Making toast in the bathtub just hits differently
“So that pervert buys you “Grass” and then you let him play with your nipples?”
-Me telling Cows its not to late to change their life.
Twitter is like the tenth time you’ve opened the fridge and there still isn’t anything good in it.
knowledge is knowing the difference between ‘poisonous’ and ‘venomous’

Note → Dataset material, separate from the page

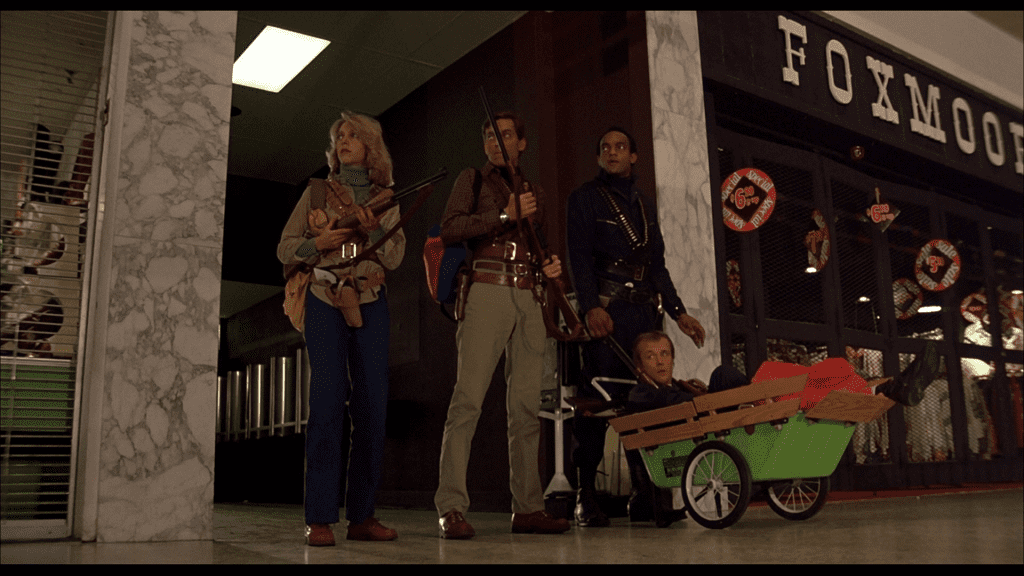 El centro comercial crea una visión que supera con creces la de una casa apuntalada y dejada de la mano de dios. La visión de esos zombis en color con esos tonos grisáceos de piel, creo que le confiere un aura especial a esta película.

wisdom is not arguing with your partner about it when they’ve been bitten by a snake
Instead of asking people to watch my laptop at a café, I just leave an open google search for “how to clean a yeast infection off a laptop”. Never been robbed yet. Still v single.
not to brag but I can almost always tell when it’s a car with antlers instead of an actual reindeer.
Note to self: just because my phone has a camera, that does not make me a photographer or a porn star.
I know how to use an abacus as a tambourine.
I saw a statue of Cinderella today. I didn’t like it, but I found the plinth charming.
So apparently in Las Vegas if you leave the “do not disturb” sign on your hotel door for more than 72 hours they automatically send over a police officer to make sure you’re still alive. Steve was very nice.
ME: does this apartment have a pizza cellar
REALTOR: again, i dont know what that is
Serious question… Would Titanic have been more romantic if they had both died, but holding hands and floating, like otters?